Protesters chant and hold signs outside the George Mason University building where Education Secretary Betsy DeVos spoke on Sept. 7. (Mike Theiler/Reuters)

Diane L. Rosenfeld teaches at Harvard Law School, where she is director of the Gender Violence Program.

Education Secretary Betsy DeVos last week announced a retreat from the Education Department’s work to protect students from sexual assault. While demonstrating that she has given serious thought to the issue, DeVos’s position is based on two fundamental flaws. As a result, she is poised to abandon laudable work done in the previous administration to help schools reduce the incidence of campus rape.

Here are key moments from Education Secretary Betsy DeVos's announcement Sept. 7 of changes to the process of investigating and prosecuting sexual assault at schools and universities. (The Washington Post)

The first problem with DeVos’s analysis is that it confuses a school’s obligation to protect the civil rights of its students under Title IX with a defendant’s rights in the criminal-justice system. Of course students in school adjudications deserve fair processes. They stand to lose an important privilege — access to a particular education. But criminal defendants stand to lose their liberty. As such, we reserve for criminal defendants the highest standards of due process — higher than what is necessary for a school adjudication. To conflate civil rights and the criminal-justice system is both misleading and legally incorrect.
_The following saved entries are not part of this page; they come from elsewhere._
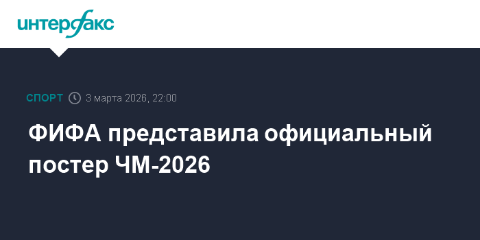 Москва. 3 марта. INTERFAX.RU - Международная федерация футбола (ФИФА) опубликовала на официальном сайте официальный постер чемпионата мира 2026 года, который пройдет в США, Канаде и Мексике.
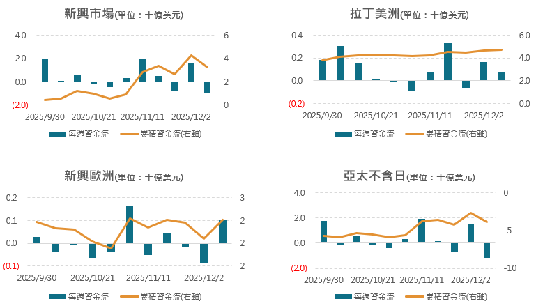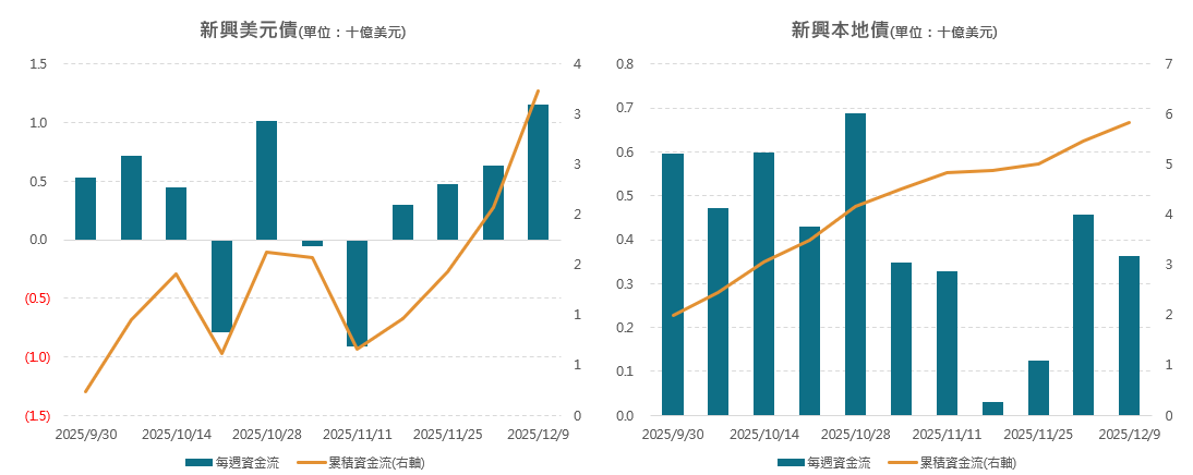 註:因2025年感恩節假期,該期間僅提供新興市場股票、新興美元債與新興本地債之資金流數據
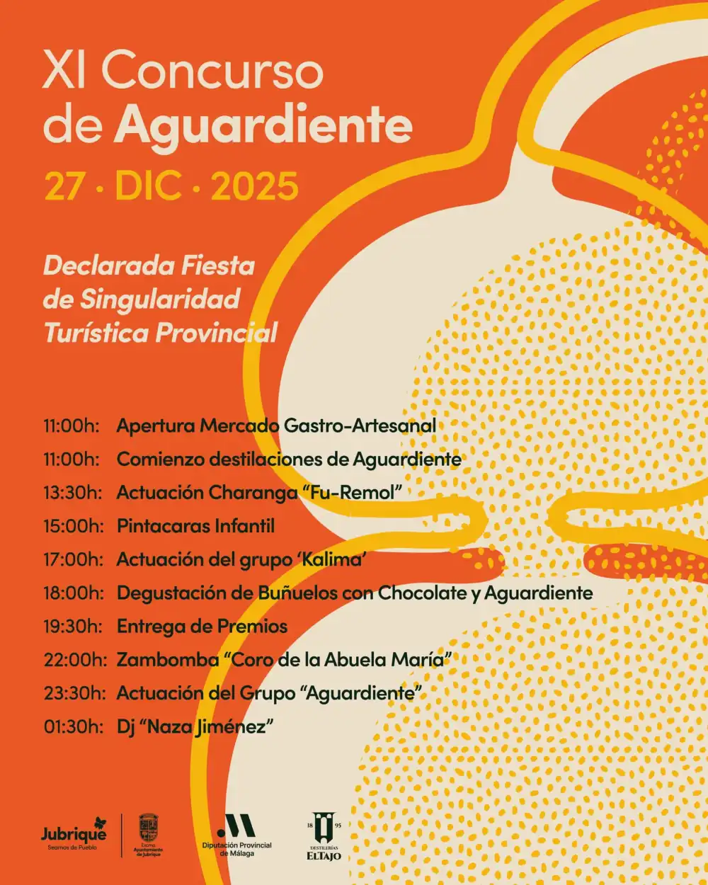 El municipio de Jubrique despide 2025 con una nueva edición de su tradicional Concurso de Aguardiente que se celebrará el 27 de diciembre. El certamen, que alcanza su XI edición, cuenta con el apoyo de la Diputación de Málaga y está declarado Fiesta de Singularidad Turística Provincial.
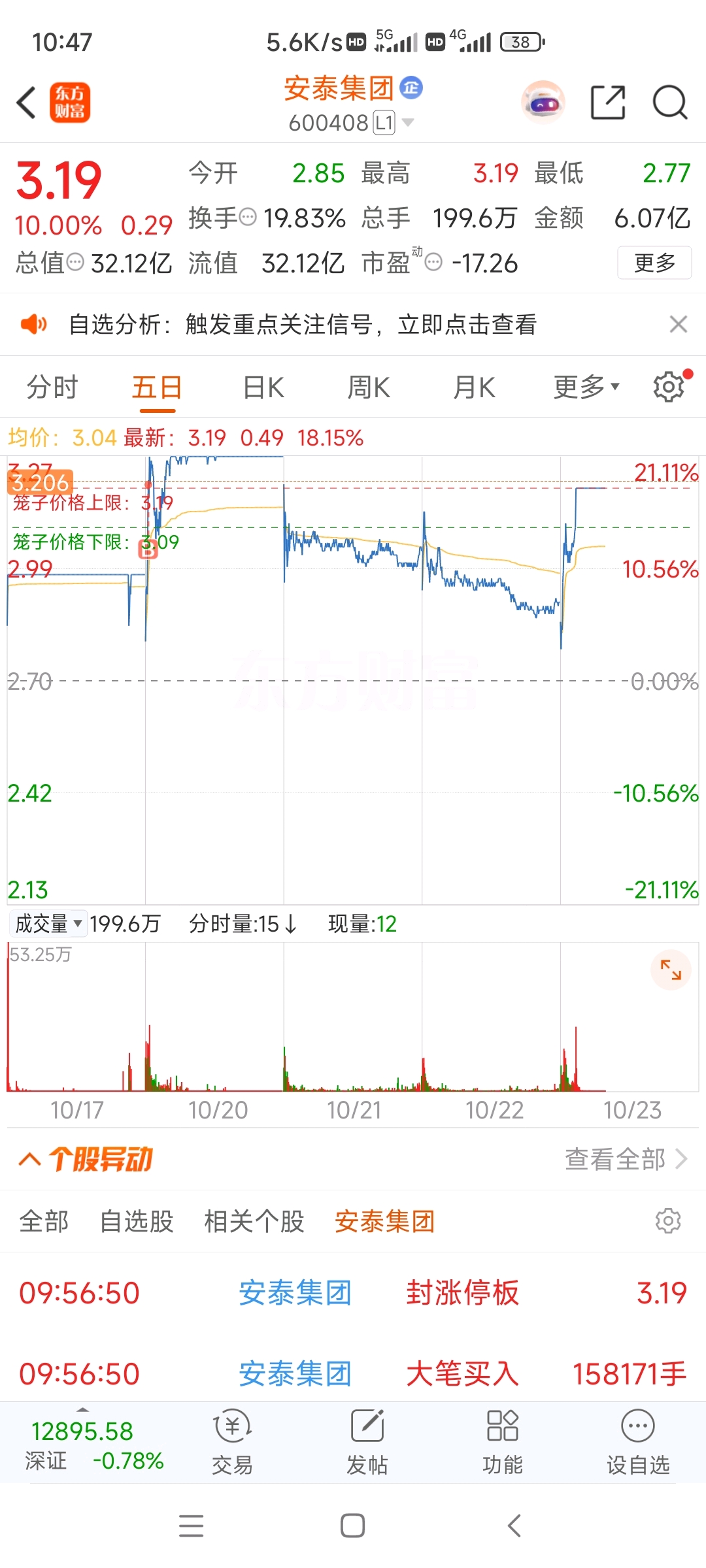 $安泰集团(SH600408)$ 跌几天都没卖,瞬间就回本了,哈哈哈哈
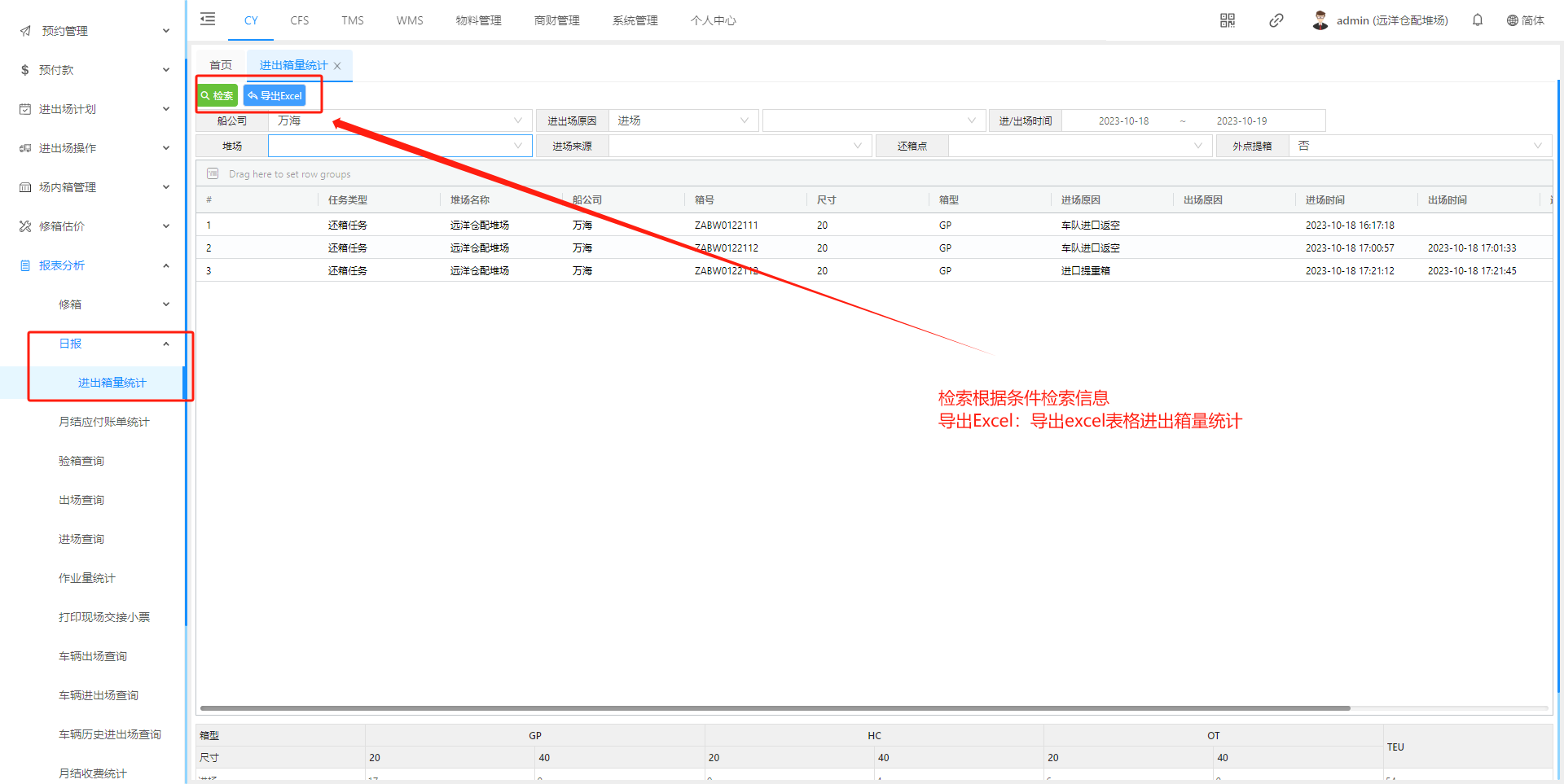 > <span style="font-family:楷体">可以根据条件检索,导出excel修箱量统计表</span>
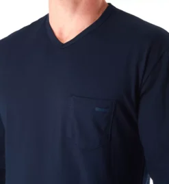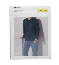 Extra soft pajama set embodies timeless style with a solid, long sleeved tee and super comfy striped pants. Made from knit cotton.
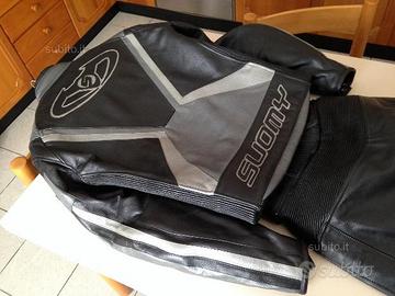 Tuta in pelle divisibile della Suomy, può ospitare un para schiena aggiuntivo oltre quello già integrato nella giacca, mai caduta, mai pista, solo uscite domenicali, sempre ingrassata per tenere la pelle morbida, saponette ancora sue originali e nuove. La tuta è divisibile ma può diventare intera con l'apposita cerniera che collega i pantaloni con la giacca. Giacca taglia 50. Pantaloni taglia 52.
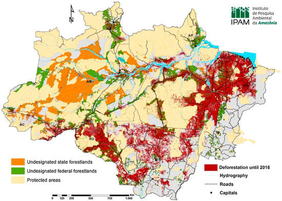 - Azevedo-Ramos, C.; Moutinho, P. No man’s land in the Brazilian Amazon: Could undesignated public forests slow Amazon deforestation? Land Use Policy 2018, 73, 125–127. [Google Scholar] [CrossRef]
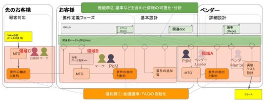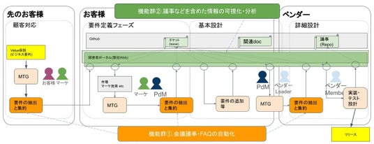 機能群1.の「議事録の自動生成」「議事録の分析」を通じて、機能群2.ではコミュニケーション状況を可視化・分析し、企業担当者と開発ベンダー(ビジネスサイドと技術サイド)が共に改善に利用することで、開発生産性の向上を図ります。
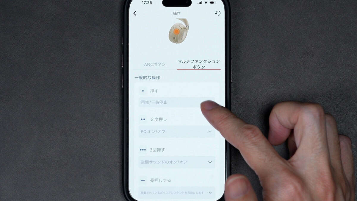 また、アプリでマルチファンクションボタンの「2回押す / 3回押す / 長押し」は「EQ / 空間サウンド ボイスシスタント」の3つから操作を自由に割り振りこともできます。
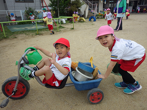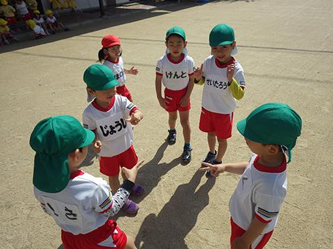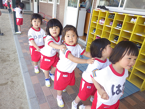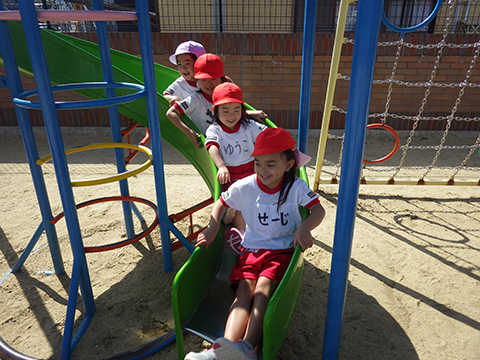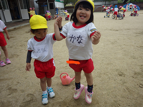 園庭では手を繋いで一緒にあそんでいます
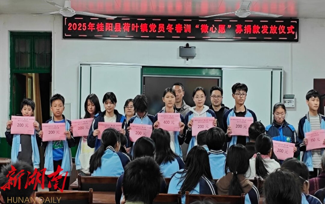 新桂阳4月1日讯(通讯员 陈锦妍)3月28日,荷叶镇举办党员冬春训“微心愿”募捐款发放仪式,现场暖意融融。此次活动以“点亮微心愿,情暖学子心”为主题,共筹集募捐款 12870 元,63 名家庭困难学生获得资助。
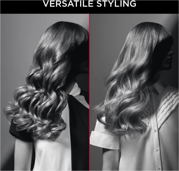 Die exklusive Keratin & Schein-Beschichtung stärkt das Haar und sorgt durch den natürlichen Effekt von Turmalin für eine reduzierte statische Aufladung und zusätzlichen Glanz, mit dem Ergebnis prachtvoller Locken oder glamouröser kraftvoll strahlender Wellen.
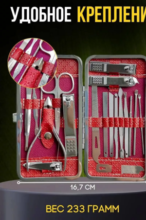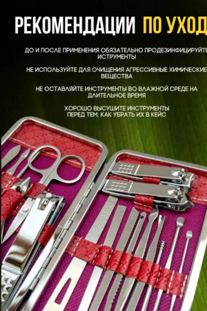 Подарочный маникюрный набор - идеальный подарок для всех любителей красоты и ухода за ногтями. Набор включает в себя все необходимые инструменты для профессионального маникюра и педикюра, а также дизайна ногтей. В состав набора входят: профессиональные ножницы и пилка для снятия длинных ногтей, кутикулы и органайзер для удобного хранения инструментов. Также в наборе имеются специальные палочки для чистки ушей и инструменты для придания ногтям оригинальной формы. Набор представлен в различных цветах: красный, черный, голубой, серый, бежевый. Для удобства хранения и транспортировки набор поставляется в специальном чехле или контейнере. Это делает его идеальным для путешествий или использования дома.
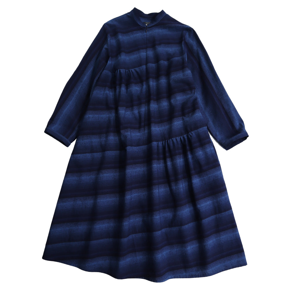儀右ヱ門 ギエモン ぎえもん 久留米絣 スタンドカラー ワンピース ソ239 日本製
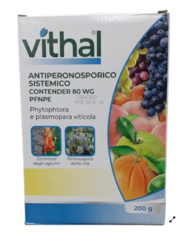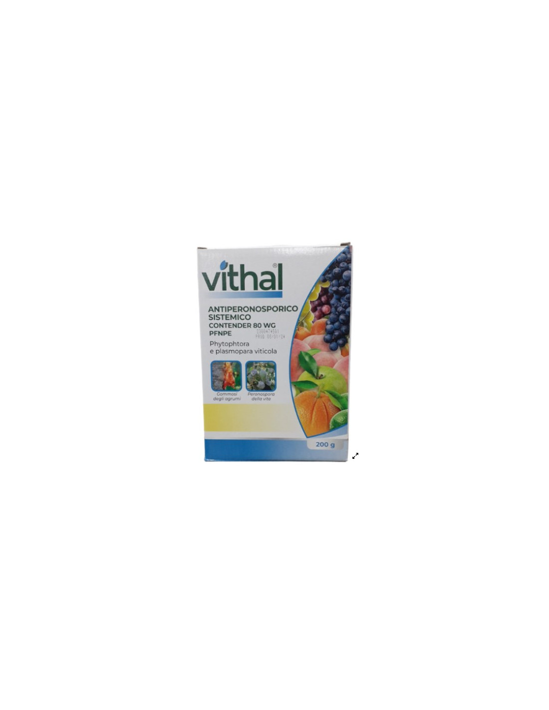 VITHAL ANTIPERONOSPORICO SISTEMICO CONTENDER 80 WG PFnPE Fungicida sistemico per piante destinate al consumo alimentare. Prodotto fitosanitario destinato agli utilizzatori non professionali. COMPOSIZIONE Fosetil Alluminio puro g. 80 Coformulanti q.b. a g. 100.
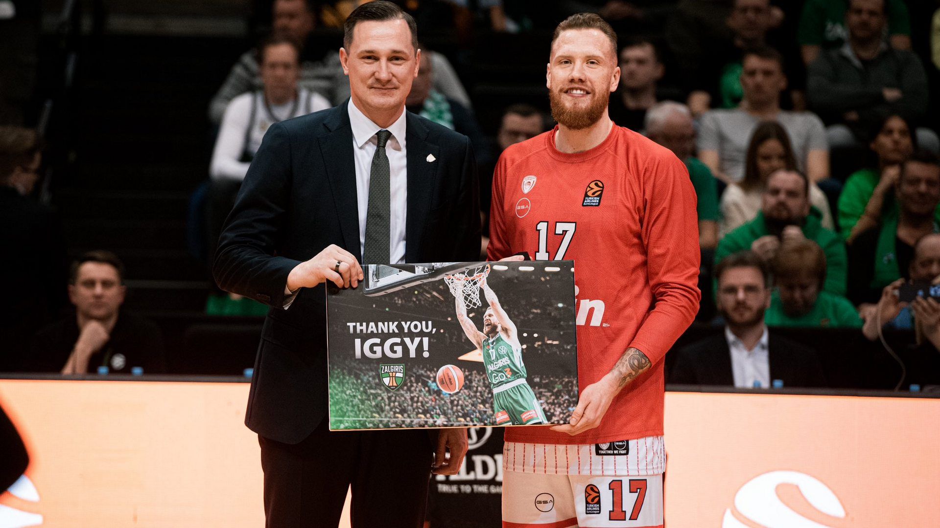 Πριν την έναρξη του παιχνιδιού του Ολυμπιακού με την Ζάλγκιρις , ο Λιθουανικός σύλλογος βράβευσε τον 25χρονο Λιθουανό φόργουορντ για το πέρασμά του από τον σύλλογο, προσφέροντάς του έναν πίνακα που πάνω έγραφε «Thank you Iggy».
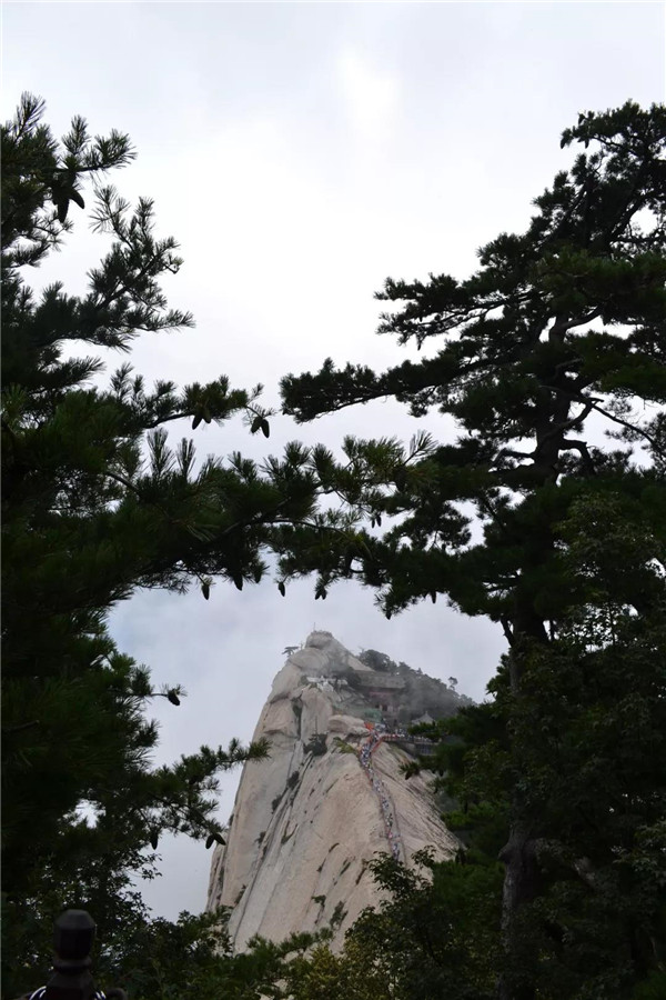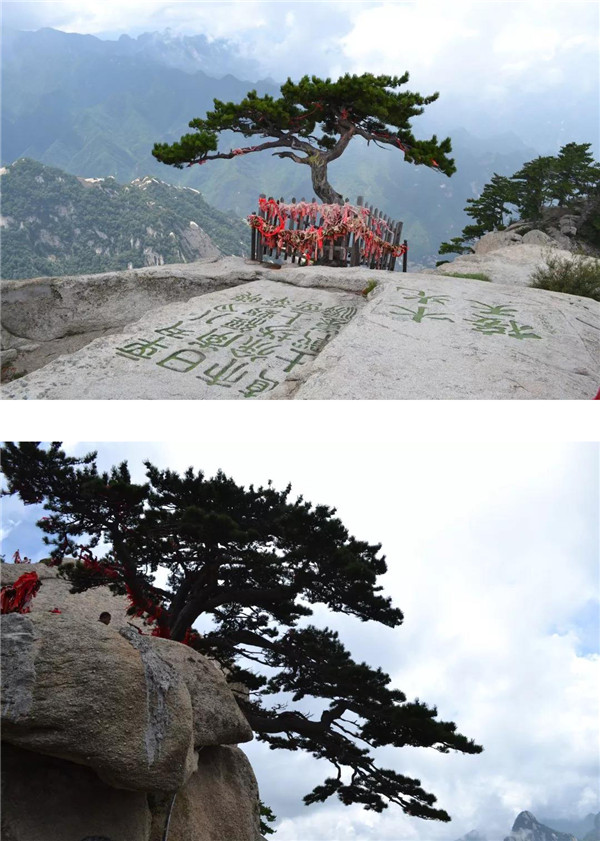 經煉丹爐、孝子峰,云霧悄悄退隱,我們向南峰頂挺進。南峰蒼翠秀麗,沿途的華山松千姿百態(tài),引人注目。華山迎客松生長于懸崖峭壁的石縫中,向懸崖一側伸出虬勁的枝干,就像好客的秦人伸出有力的大手歡迎遠道而來的客人。虬枝龍形的枝干上,是綠意盎然的松針,根根好像要刺破天穹。華山迎客松在藍天白云的映襯下,仿如碧玉雕琢而成,綠的耀眼,秀挺卓然!

Worse, confusing a school hearing with a criminal trial has the effect of inducing public panic that men will be falsely accused and found responsible for raping young women on campus. DeVos, who is not a lawyer, refers dismissively to the lower “preponderance of the evidence” standard that schools currently use in these cases. She fails to mention that this is, and has always been, the applicable standard for Title IX and other civil rights cases. Why should the fact that an offense involves sexual violence justify treating it differently? Indeed, to do so would be discriminatory in itself.

The second major flaw is DeVos’s false equivalence between the experience of a student reporting a sexual assault and that of the student accused of the assault. While both will likely face lasting consequences from the case, the harms they can suffer are scarcely comparable. Students who report sexual assault suffer post-traumatic stress disorder and rape trauma syndrome with alarming frequency and striking similarities. Sexual assaults often result in severe depression and intense feelings of vulnerability, an inability to feel safe in one’s own body.

Expulsion of students who commit these assaults helps reduce this trauma in two ways. First, a victim’s pain is typically reduced if she or he does not have to encounter the perpetrator on campus. Second and more important, the threat of such expulsions deters future assaults, thus diminishing the number of students who must endure this pain. To be sure, students expelled for sexual assault commonly suffer reputational injuries and sometimes damage to their careers. These are substantial consequences, and we should strive to ensure that they are not imposed on innocent students. But they pale before the trauma typically suffered by victims.

DeVos highlights incidents in which students accused of sexual assault were treated unfairly by their schools. She laments that untrained administrators have sometimes acted as judge and jury, which may have caused some students to be wrongfully punished. But the answer to such cases is not to abolish the protections articulated in the Obama administration’s Dear Colleague Letter.

Rather, that guidance gave critical information to schools on implementing long-standing regulations that had lain dormant without federal enforcement. The guidance requires that equal rights be given to victims and to accused students so that if one had particular rights at a hearing, so did the other. In fact, each case DeVos cited as evidence that the Obama letter should be scrapped was a violation of the guidance, as well as federal legislation that encodes the important principles of the guidance, the Campus Sexual Violence Elimination Act. She should focus on enforcing equality principles rather than giving up just because the system is not yet perfect — or perfectly enforced. We need to help schools that are trying to develop competence in preventing and addressing campus sexual misconduct, not retreat to a regime in which misconduct was rampant and largely unpunished.

Let’s not throw the baby out with the bathwater. Our goal should be to make our educational institutions places where students are equally treated and safe to learn. The guidance provided by the Dear Colleague Letter could be improved. Even more important is assisting schools in complying with the letter — both by affording victims of sexual assault adequate protection and by making certain that students accused of assaults have fair and equal procedural rights. The Education Department should assume its responsibility to counsel schools on achieving fair processes, not abandon the project of purging our campuses of the scourge of sexual violence.